In my experience everyone has their own unique collection of resources that I call your “toolkit”! These are the tools you pull out when the waves get too big to navigate or if the storm hits. Every year around storm season in Queensland the government advertises to get your storm kit ready! So it can be incredibly useful to have a plan when we are overcome by stormy situations.
It is important to have a number of tools in your toolkit. If one resource is not available then you have others as a back up. As the saying goes, “don’t put all your eggs in the one basket” because if that basket gets dropped then you lose all your eggs.
Here are a few examples of resources I have found to be helpful over the years and which may or may not be helpful for you. There are many more than what I have listed and maybe it will prompt you to find your own. No one thing works for everyone and it sometimes takes a bit of experimentation to find what helps. However, I do find that therapy is more successful if you have the basics of support in the following 4 categories:
FOOD, SLEEP, EXERCISE & FUN
I have divided the following listed resources into my Holistic approach categories plus adding emergency resources.

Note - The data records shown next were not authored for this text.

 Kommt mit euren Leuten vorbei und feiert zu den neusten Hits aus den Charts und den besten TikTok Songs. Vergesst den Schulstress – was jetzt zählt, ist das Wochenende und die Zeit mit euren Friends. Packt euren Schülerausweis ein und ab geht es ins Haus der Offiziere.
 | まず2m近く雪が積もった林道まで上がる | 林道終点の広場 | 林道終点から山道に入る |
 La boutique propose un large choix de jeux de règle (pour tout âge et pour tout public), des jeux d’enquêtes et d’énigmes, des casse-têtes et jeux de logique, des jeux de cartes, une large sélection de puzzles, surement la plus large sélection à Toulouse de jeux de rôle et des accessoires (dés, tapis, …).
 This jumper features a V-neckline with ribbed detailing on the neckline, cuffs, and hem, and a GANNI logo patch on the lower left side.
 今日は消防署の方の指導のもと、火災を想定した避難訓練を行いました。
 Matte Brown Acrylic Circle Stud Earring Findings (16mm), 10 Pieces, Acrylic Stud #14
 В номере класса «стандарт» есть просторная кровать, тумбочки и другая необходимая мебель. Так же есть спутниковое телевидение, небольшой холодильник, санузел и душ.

Things to do in case of an emergency (Australian resources)
Phone Lifeline 24 hr support 13 11 14
Call your local GP or present to your local emergency department
Suicide Callback Service 1300 659 467
Age 12-25 Headspace
Age 5-25 Kids helpline
Physical Resources
Are using the body (as it directly influences the mind and vice versa)

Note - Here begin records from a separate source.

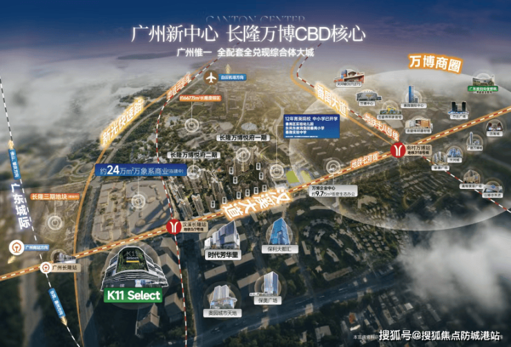 华润万博悦府处于万博CBD千亿商业圈核心,1KM范围内聚集了湾区首座K11 Select、万达广场、天河城百货、海印又一城等10余家大型商业综合体,商业总建筑面积超200万㎡,是广州南部商业最繁华的区域之一。其中,湾区首座K11 Select已于2025年12月开业,总建筑面积约12万㎡,引进了300余家品牌商户,其中首店品牌占比达45%,开业首日客流量突破8万人次,成为区域商业新地标;万达广场作为万博板块成熟商业综合体,日均客流量达5万人次,涵盖购物、餐饮、娱乐等多元业态,满足日常消费需求。
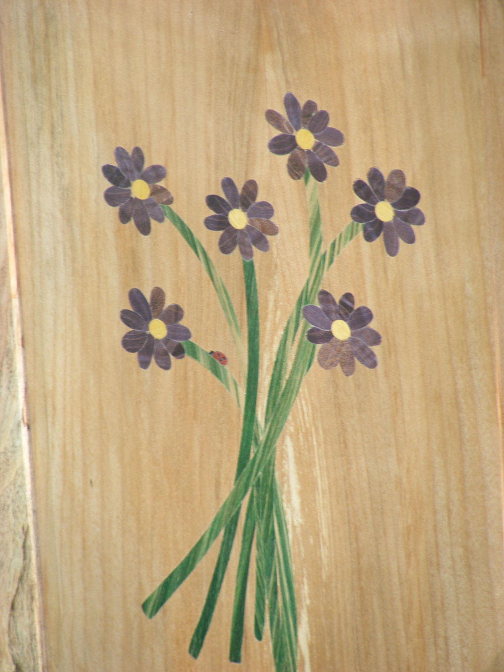 "Daisy Bouquet" - This is the face for a raised panel door to my granddaughter's Jewelry Box. Each flower is 9 separate inlays of Purple Heart. The center is Yellow Heart. The stem is Eastern Maple infused with acrylic color. The ladybug is Padouk with Ebony dots.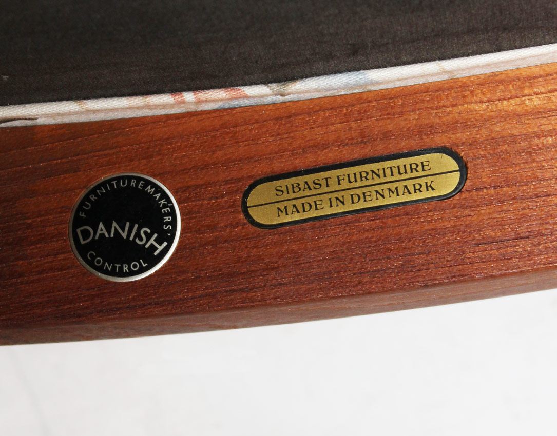 ARNE VODDER FOR SIBAST SET OF 7 DINING CHAIRS: Danish Modern teak spindle back chairs, 2 arm chairs and 5 side chairs. Later fabric on the seats. Danish control button and Sibast Furniture label. Arm chairs are 38 1/2'' x 20 1/4'' x 20 1/4''.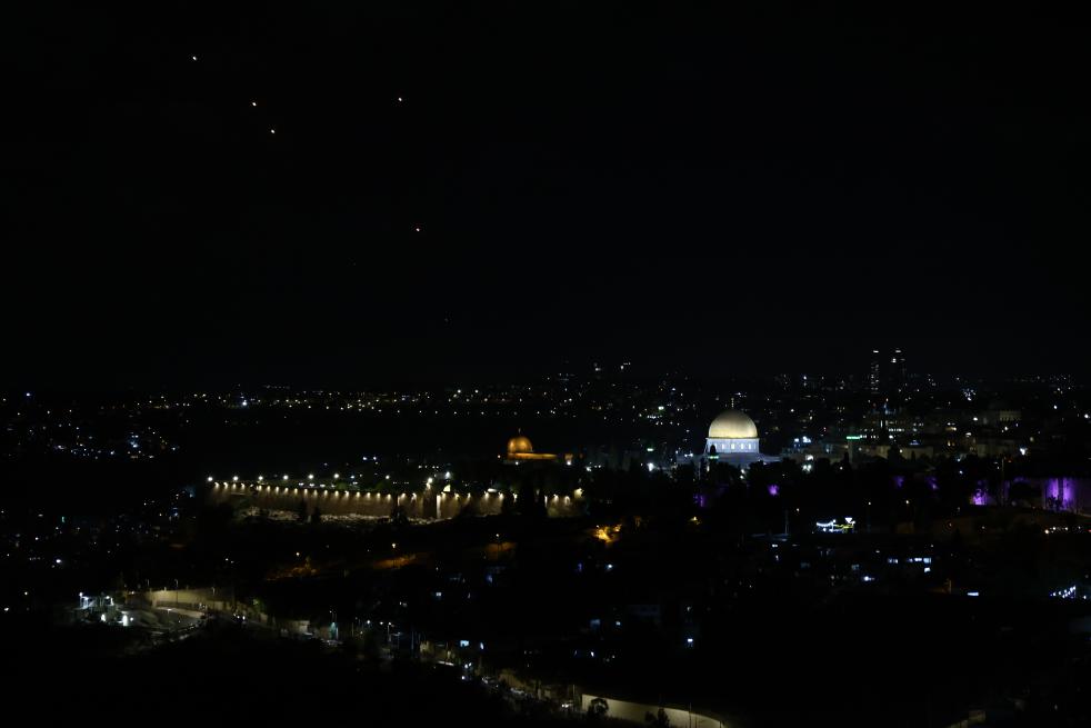 10月1日,伊朗發射的導彈從(cong) 耶路撒冷上空飛過。新華社發(賈馬爾·阿瓦德攝)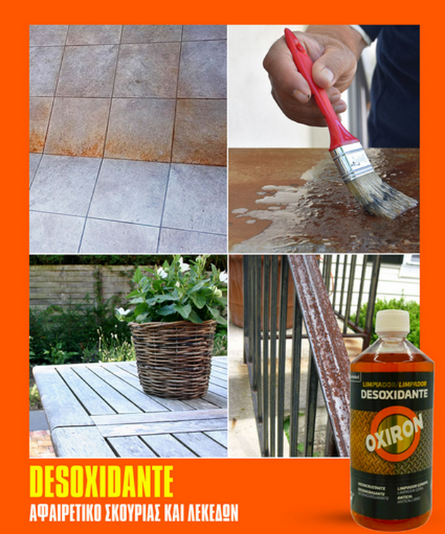 Το καθαριστικό Σκουριάς Desoxidante Oxiron είναι ένα πολυ χρηστικό προϊόν πολλαπλών χρήσεων. Είναι εξαιρετικό καθαριστικό γενικής χρήσης που αδρανοποιεί την σκουριά και την καθαρίζει, απομακρύνει τα άλατα, απολιπαντικό και καθαριστικό ασβεστολιθικών ουσιών. Το Desoxidante καθαρίζει και γυαλίζει σίδερο, ξύλο, μέταλλα και επιχρωμιομένες επιφάνειες.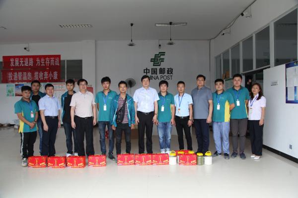 抵達(dá)南河攬投部時(shí),張國(guó)壽一行和攬投員們一一握手,代表省分公司黨組向基層一線員工表示致敬,并為他們送上了綠豆、白糖、飲料等防暑降溫慰問(wèn)品,把省分公司黨組的深切關(guān)懷送到基層一線。張國(guó)壽與攬投部負(fù)責(zé)人、攬投員進(jìn)行了親切交談,強(qiáng)調(diào)在確保投遞時(shí)限的同時(shí),要時(shí)刻銘記生產(chǎn)安全,并囑咐景德鎮(zhèn)市分公司要切實(shí)關(guān)心一線員工身心健康,采取有效措施防暑降溫,解決基層一線員工的實(shí)際困難,確保生產(chǎn)安全和穩(wěn)定。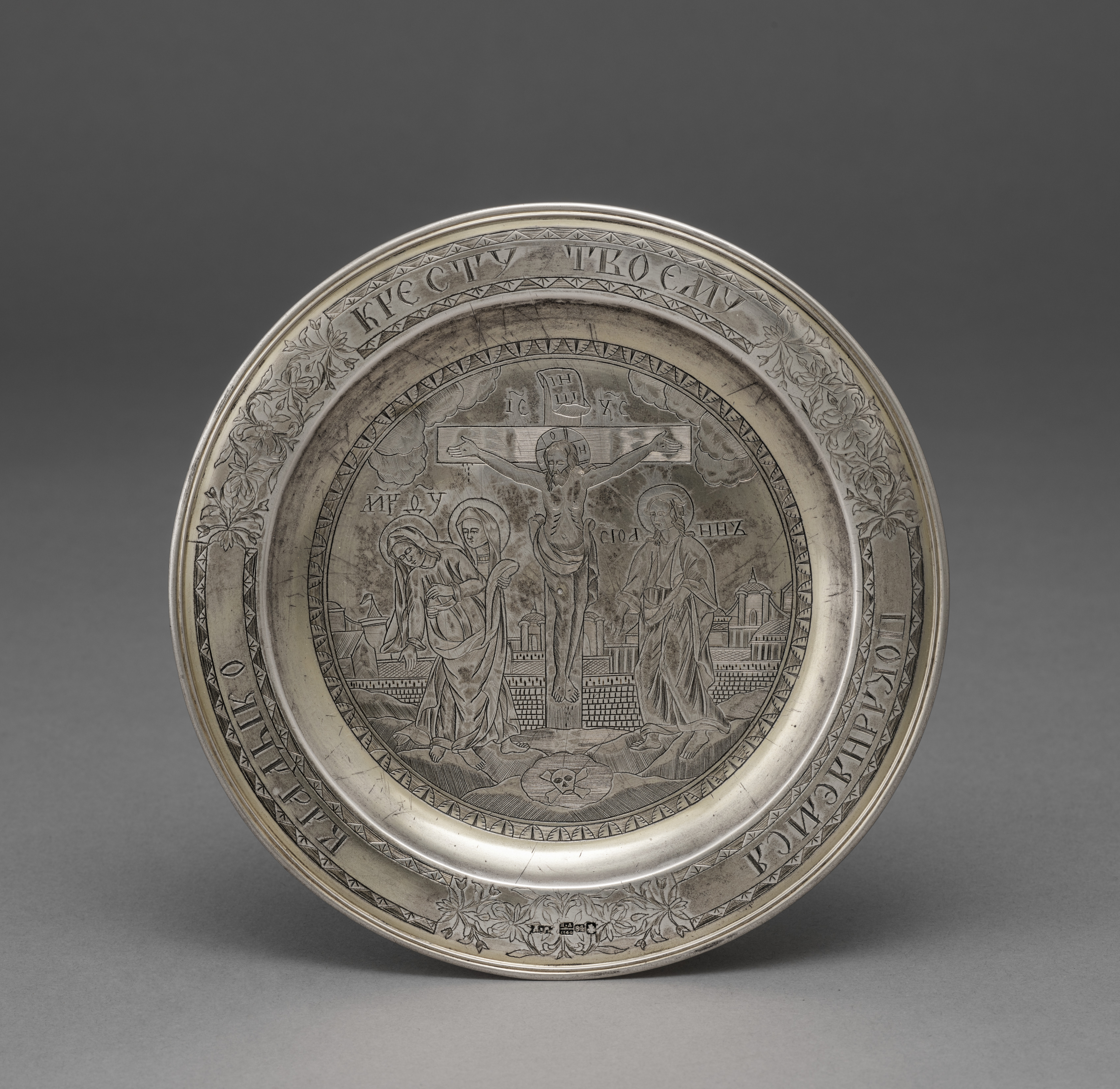 Silver plate with a raised rim and engraved design. The center shows a crucifixion scene with Jesus on the cross, and two figures on either side. The figure to Jesus' right is a woman holding a baby; the figure to Jesus' left is a man in a long robe. A cityscape is in the background. The plate's border features an outer ring with floral patterns and an inner ring with text in a foreign language, possibly Cyrillic. The plate appears to be old and weathered, with scratches and dark spots on its surface.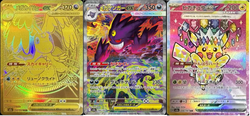 とくにメガゲンガーex SARは人気が高く、再販が続く中でどこまで相場を維持できるかが注目点です。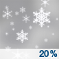 Temperature: 20°F Wind Speed: 6 mph Wind Direction: W Forecast: Partly sunny. High near 20, with temperatures falling to around 14 in the afternoon. West wind around 6 mph. |

Regular exercise is a foundation ie. walking, dancing, yoga, going to the gym, gardening…
Unprocessed and wholesome diet is an important foundation
Drinking enough water (another foundation)
Reducing Caffeine and replacing with non-caffeinated alternatives.
Certain Herbs, vitamins, minerals or medication
Improving Sleep is a foundation
A good routine of bedtime, waking, eating, exercising
Soothing through the 5 senses things that calm or distract you … some examples are touch (soft fluffy fabrics or putting your hand on your heart), smell (a nice aroma that you like), Sound (calming music), Taste (savouring a few bites of something pleasant without overeating!), Sight (favourite movie or tv show).
Do something that tones the vagus nerve such as singing, humming or having a massage or craniosacral treatment
Mental Resources
Are using our intelligence, thoughts and thinking.
Reading a good book
Watching a movie or documentary that you are interested in or something that makes you feel good
Working out if this is something you can change or not
Practicing Radical Acceptance of the things you cannot change
Attend a 12 step meeting
Empower yourself with knowledge about your condition
Problem solving (like a puzzle), accomplish some tasks on the list
Have a mindfulness or meditation practice to go to
Remember something good that happened or that you contributed to
Emotional Resources
Are those assets and skills within ourselves that we can rely on to take care of ourselves
Finding a way to be caring or compassionate towards yourself. Even if you say something like ‘I am willing to be open to learn how to be caring and compassionate towards myself’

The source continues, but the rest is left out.